Computer Vision
Spring 2011


Lecture slides* Szeliski Supplementary
Introduction (pdf)
Filters and scale (pdf)
Ch. 1, 3.2, 3.5
Ch. 3.5.4 (optional)
- Steerable filters [Freeman & Adelson], Sect. 1-2
- Image pyramids [Adelson & Anderson] (optional)
Image features (pdf) Ch. 4.1 - SIFT [Lowe], Sect. 1-6.2 (optional)
- Multi-image matching [Brown] (optional)
Edges and lines (pdf) Ch. 4.2-4.3 - Edge detection [Cipolla & Gee]
Introduction to cameras
and projection (pdf)
 Ch. 2.1 - Hartley & Zisserman note, p. 1-39 (optional)
- Soft introduction [Hartley & Zisserman] (optional)
Motion and warping (pdf) Ch. 8.1-8.3, 3.6 - Creating panoramas [Szeliski & Shum] (optional)
Optical flow (pdf) Ch. 8.4 - Optical flow [Wikipedia] (optional)
- Optical flow [Fleet & Weiss] (optional)
Segmentation (pdf) Ch. 5.2-5.4  
Segmentation II (pdf) Ch. 5.1 - Active Appearance Models, Sect 1-2.3
- A tutorial on PCA (optional)
Camera calibration and projective geometry (pdf) Ch. 6.1-6.3 (optional) - Projective Geometry [Mundy & Zisserman], (read  23.1-23.5, 23.10)
- Camera calibration from vanishing points [Cipolla, Drummond & Robertson] (optional)
Structure from motion and stereo vision (pdf) Ch. 7.1-7.2
Ch. 11.1-11.2
- Projective Geometry [Mundy & Zisserman] (23.11), (optional)
- Hartley & Zisserman note, p. 1-39 (optional)
Light color and 3D modeling (pdf) Ch. 2.2, 12.1-12.2, 12.7  
Recognition Ch. 14.1-14.2 (optional)  

*Note that the lecture slides are included in the curriculum.
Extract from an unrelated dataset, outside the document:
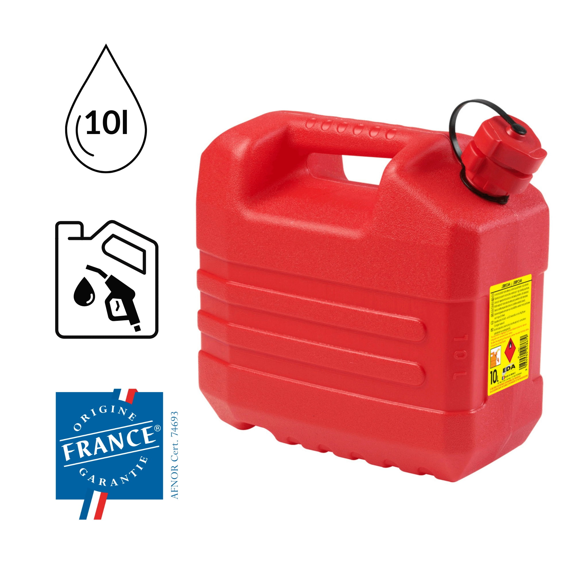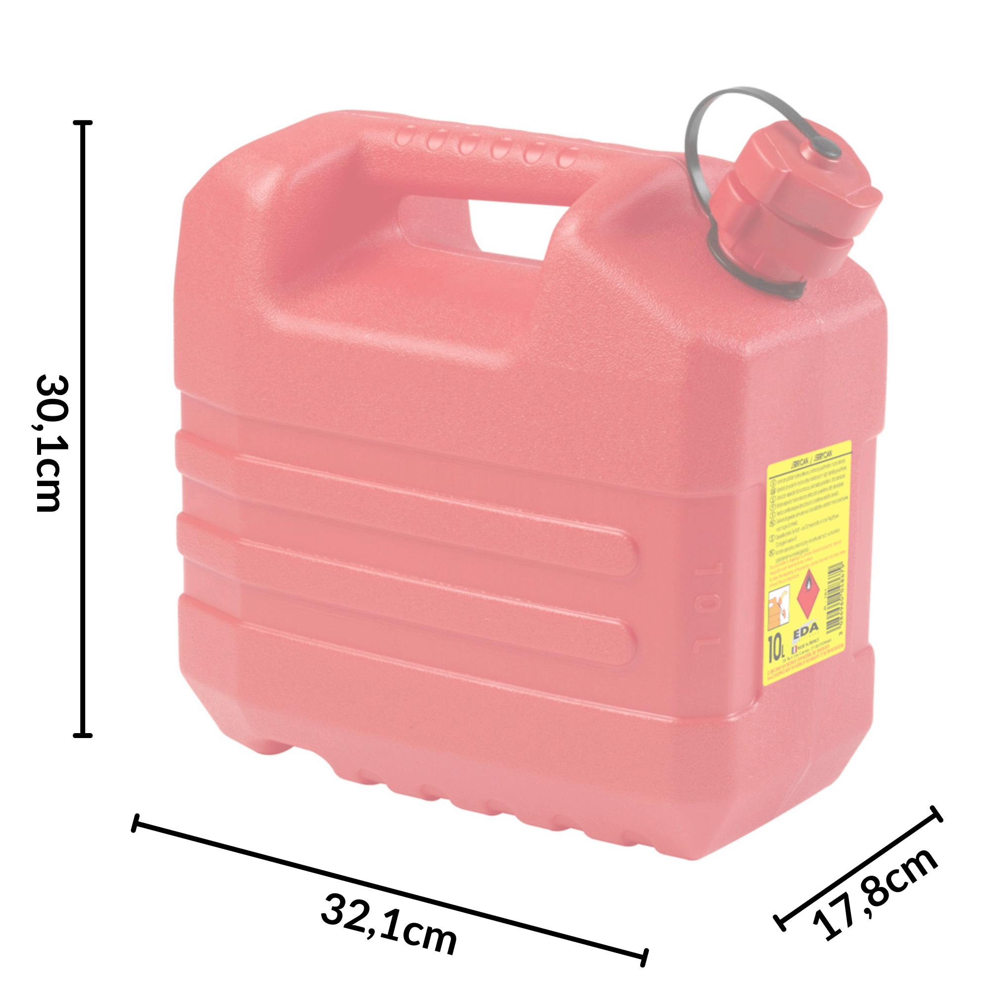 Bidon de carburant pratique de 10 L pour une utilisation quotidienne à l’atelier, au jardin et en déplacement. Fabriqué en plastique résistant pour un stockage sûr et étanche, avec un bec verseur télescopique pour un versement précis et propre et une poignée ergonomique pour un transport confortable. Dimensions compactes et couleur rouge haute visibilité pour plus de sécurité et de confort d’utilisation.

After taking the computer vision course you should be able to…

  • Filters (Szeliski 3.2)

    • Define correlation and convolution

    • Mention that convolution is associative and commutative (why is that useful?)

    • Explain the principles of superposition and shift invariance

    • Define and motivate the use of separable filters

    • Define basic filter kernels (e.g., Gaussian, Laplacian, Laplacian of Gaussian, Sobel

    • Mention typical applications of basic filters (e.g., noise removal, low- and high-pass filtering, image differentiation, and edge detection)

    • Explain the difference between a “steerable filter” and a “basis filter”

    • Define the smoothed directional derivative filter (i.e., the steerable version of the derivative of Gaussian filter)

    • Explain and motivate the use of “template matching”

  • Scale (Szeliski 3.5)

    • Explain the role of an interpolation kernel

    • Explain the role of a smoothing kernel (in the context of decimation)

    • Explain how to construct a Gaussian pyramid

    • Explain how to construct a Laplacian pyramid

    • Mention typical applications of image pyramids

  • Image features (Szeliski 4.1)

    • Explain what an “interest point” is, and what such points can be used for

    • Describe different strategies for “feature detection”, particularly how to detect corners in an image (e.g., using the Harris corner detector)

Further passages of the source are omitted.